▸ **Source data**:
──────────

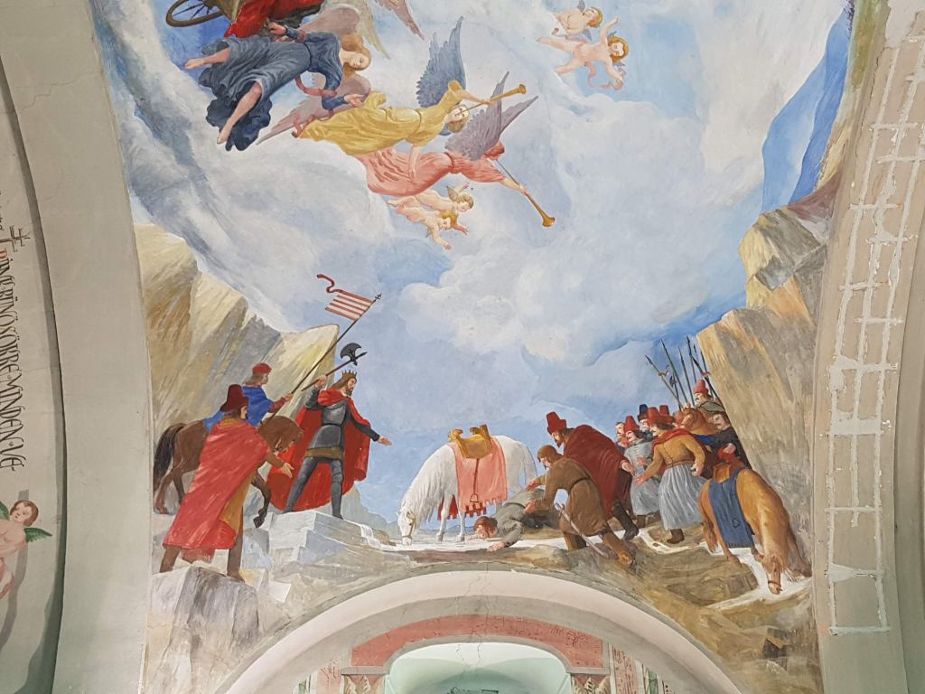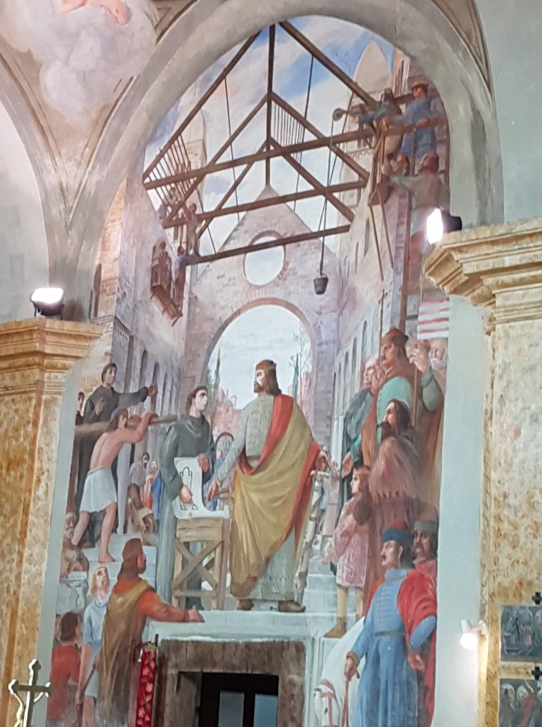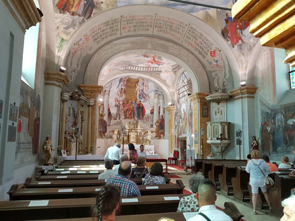 A templom freskóit Jeges Ernő készítette 1953-ban.Érdekes és sokatmondó a dátum. 1953. július 1. szerepel az aláírás mellett. Amikor a rákosista diktatúra első éveinek szörnyűségeit követően megszületik a remény, hogy Nagy Imre vezetésével új kormány alakulhat…A képeken a magyar középkort, a Szent királyok nemzetségének alakjait festette meg. A falakon láthatjuk a katedrálist építő Szent Istvánt, Szent Imre herceget, a tordai hasadékot átugró lovagkirály, Szent László alakját, vagy Szent Erzsébetet, Szent Margitot. A falubeliek szerint a mellékszereplők között a gyülekezet egykori tagjaira is ráismerhetünk.
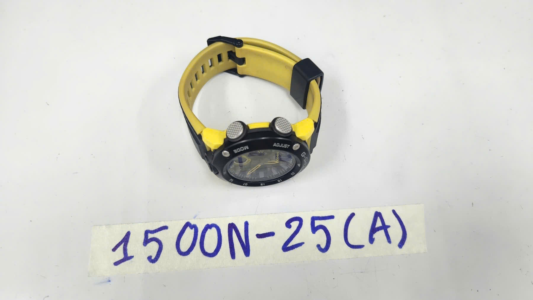Ngày tiếp nhận: 14/8/2025 Mã hồ sơ: 1500N2025A Mô tả: 01 đồng hồ màu đen vàng mang nhãn hiệu G-SHOCK CASIO, dây đeo cao su màu đen vàng. |
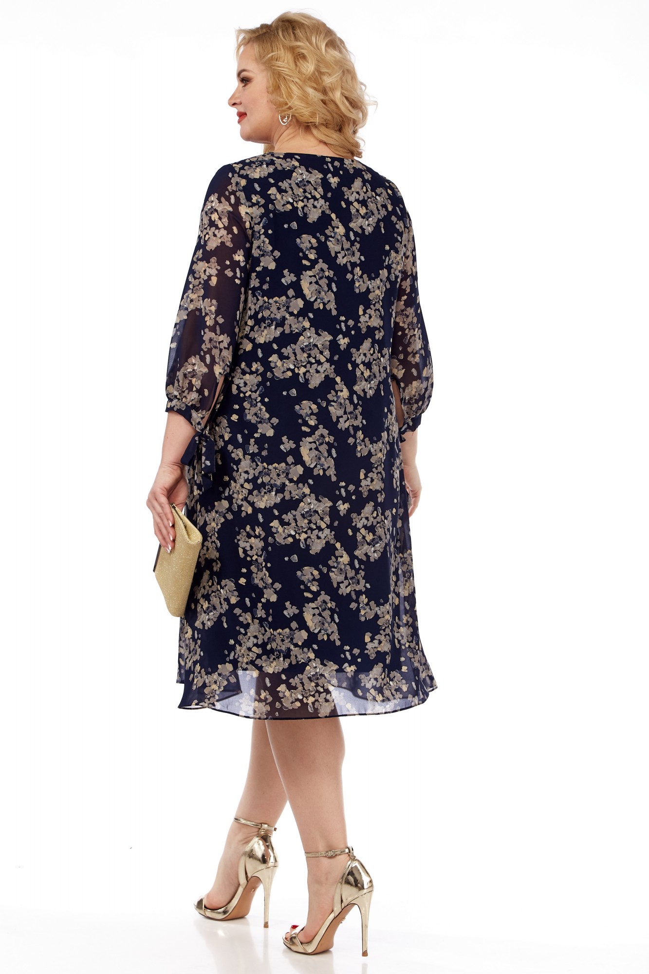 Нарядное двухслойное платье на облегченной подкладке — идеально подойдёт для любых торжеств. Интересная расцветка, легкий и струящийся шифон, а завязки на рукавах — сделают изделие еще более выразительным. Платье с округлой горловиной, длина ниже колена и клешеный трапециевидный крой — подчеркнут Ваши достоинства и не будет сковывать движения. Платье прекрасно дополняется различными аксессуарами. Длина изделия от горловины 105 см (+-1 см), длина рукава 54 см. Изделие подойдет на рост 170 см.
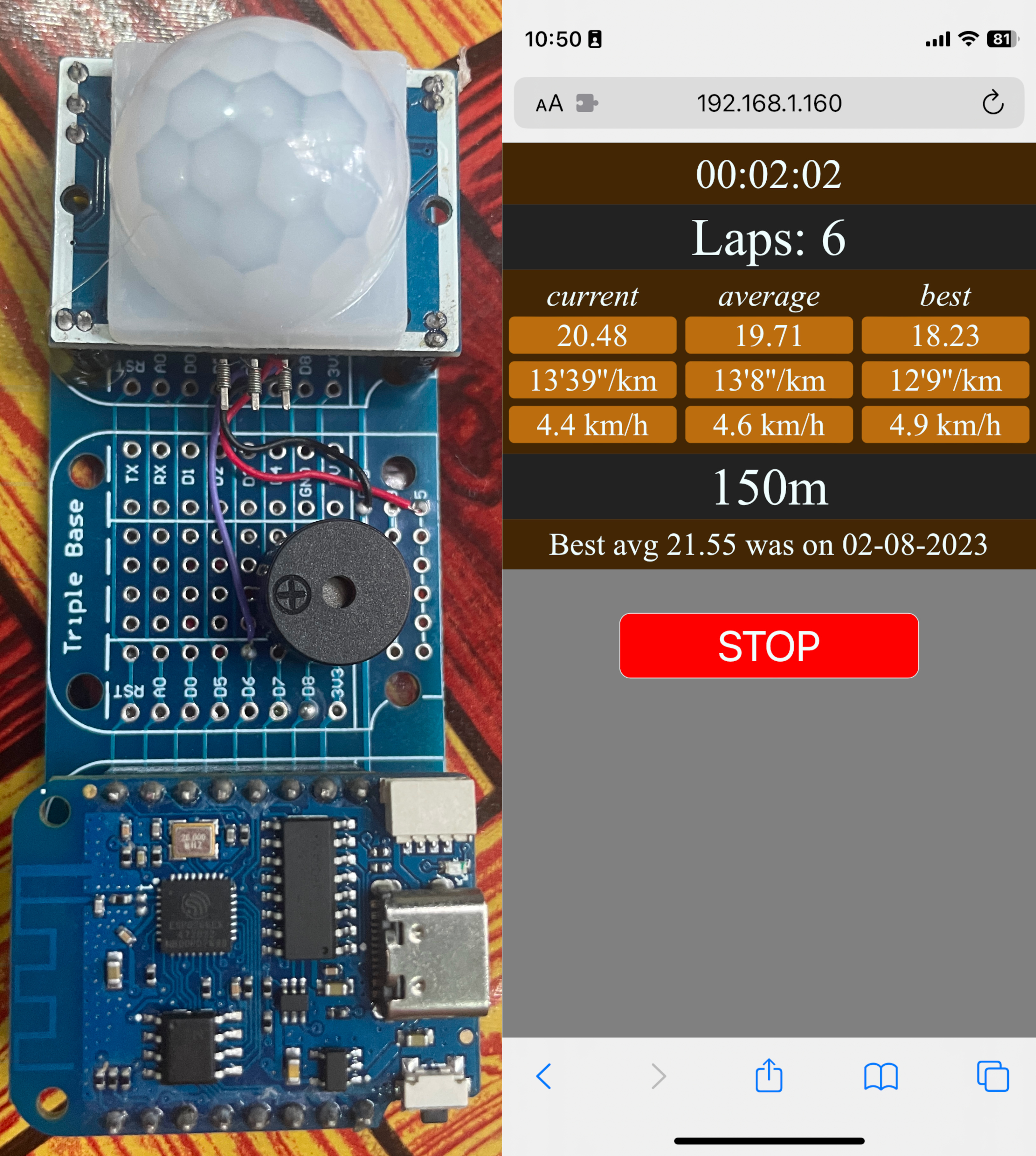 This works wonderfully well. The first time I pass the motion sensor it will start the timer and every next pass it will add a lap time and send that to the node js app. I can start and stop with the web app on my phone.

──────────

▸ **What you are asked to do**: Output the whole listing again, exactly, without its pictures.

▸ **Exercise answer**:
 A templom freskóit Jeges Ernő készítette 1953-ban.Érdekes és sokatmondó a dátum. 1953. július 1. szerepel az aláírás mellett. Amikor a rákosista diktatúra első éveinek szörnyűségeit követően megszületik a remény, hogy Nagy Imre vezetésével új kormány alakulhat…A képeken a magyar középkort, a Szent királyok nemzetségének alakjait festette meg. A falakon láthatjuk a katedrálist építő Szent Istvánt, Szent Imre herceget, a tordai hasadékot átugró lovagkirály, Szent László alakját, vagy Szent Erzsébetet, Szent Margitot. A falubeliek szerint a mellékszereplők között a gyülekezet egykori tagjaira is ráismerhetünk.
Ngày tiếp nhận: 14/8/2025 Mã hồ sơ: 1500N2025A Mô tả: 01 đồng hồ màu đen vàng mang nhãn hiệu G-SHOCK CASIO, dây đeo cao su màu đen vàng. |
 Нарядное двухслойное платье на облегченной подкладке — идеально подойдёт для любых торжеств. Интересная расцветка, легкий и струящийся шифон, а завязки на рукавах — сделают изделие еще более выразительным. Платье с округлой горловиной, длина ниже колена и клешеный трапециевидный крой — подчеркнут Ваши достоинства и не будет сковывать движения. Платье прекрасно дополняется различными аксессуарами. Длина изделия от горловины 105 см (+-1 см), длина рукава 54 см. Изделие подойдет на рост 170 см.
 This works wonderfully well. The first time I pass the motion sensor it will start the timer and every next pass it will add a lap time and send that to the node js app. I can start and stop with the web app on my phone.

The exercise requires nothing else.